The headline inflation rate appears to have reached its highest point, decelerating to 6.6% in April 2023 from 7.6% in March and 8.6% in February 2023. “We anticipate this downward trend to continue as inflation eventually eases toward the government’s target range by the fourth quarter of 2023. Indeed, the latest inflation report numbers look promising: food inflation declined from 9.5% in March to 8.0% in April 2023, while non-food inflation declined from 6.3% in March 2023 to 5.5% in April,” he said.

Balisacan said ensuring that the country not only go back to its high-growth path but, more importantly, achieve significant social and economic transformation by the end of this administration’s watch, involves fully implementing the strategies laid out in the Philippine Development Plan 2023-2028.

The strategies call for developing and protecting the capabilities of Filipinos and transforming our production sectors to generate more quality jobs and competitive products while ensuring a conducive overall investment environment in terms of governance and government policies. 

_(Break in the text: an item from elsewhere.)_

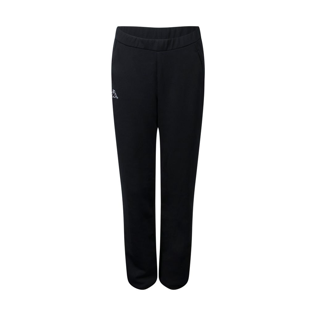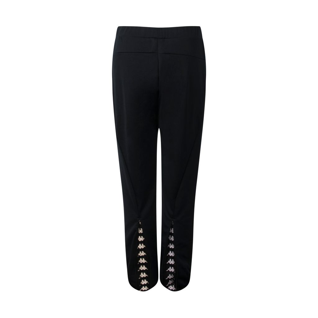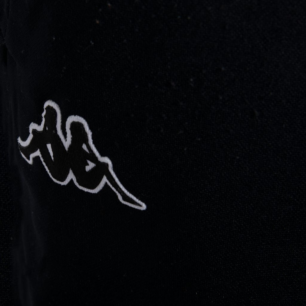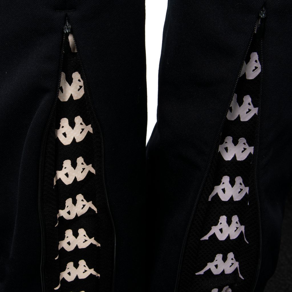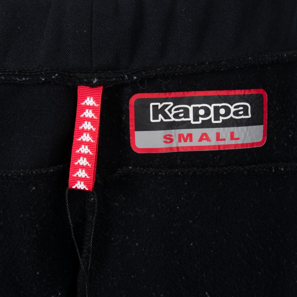 This heavyweight sweat pant from Kappa, features a nylon shell and fleece lining, an embroidered logo detail at the thigh, side pockets, elastic stretch waist, and hidden back zipper panel with logo detailing. Gently worn, pilling throughout from wear.

“In developing and protecting the capabilities of Filipinos and enhancing the prospects for sustained growth, it is crucial to address the rising costs of food and energy, especially since these disproportionately adversely affect the welfare of low-income and vulnerable individuals, as food items tend to dominate their consumption patterns,” he said.

London-based think tank Oxford Economics said the first-quarter growth was led by private consumption and investment, but dragged down by external demand.

“We expect weaker global growth will continue to weigh on the Philippines' exports. Resilient domestic demand will in part offset this, but past rate hikes will take effect with a lag, and we look for overall growth to remain below trend this year and next,” it said.

Household spending grew at a robust pace of 6.3% y/y, from 7% previously, despite rising inflation during the quarter. Consumption growth in service-related sectors such as recreation and restaurants outpaced others as they recovered from the pandemic loss.

Investment was another bright spot, as construction picked up after lagging other types of investment. Private construction growth of 20.6% y/y outpaced the headline growth of 10.4% y/y. Government consumption also picked up to 6.2% y/y from 3.3% in Q4 2022.

Exports remained the main drag during the quarter, as total exports growth slowed to 0.4% y/y from 14.6% in Q4 2022. While service exports remained robust amid the recovery in the tourism sector, goods exports contracted by 15.3% y/y, recording the biggest drop since Q2 2009 excluding the pandemic period. Imports growth slowed to 4.2% y/y from 7% previously, primarily dragged down by a slowdown in services imports.

“We expect the external sector will continue to weigh on headline growth, particularly on the goods side. While March trade figure showed a pickup, we think this is a temporary blip related to China's reopening. Indeed, April trade data from China shows a normalization in imports from the Philippines,” it said.

Oxford Economics said lower global growth would drag on the goods exports and any substantial upturn in the IT cycle is unlikely this year.

Resilient domestic sector should provide some support, but we don’t think it will be able to fully offset the external headwinds. Therefore, while today's figure warrants an upgrade to our 2023 growth forecast, short-term growth will remain below its pre-pandemic trend,” it said.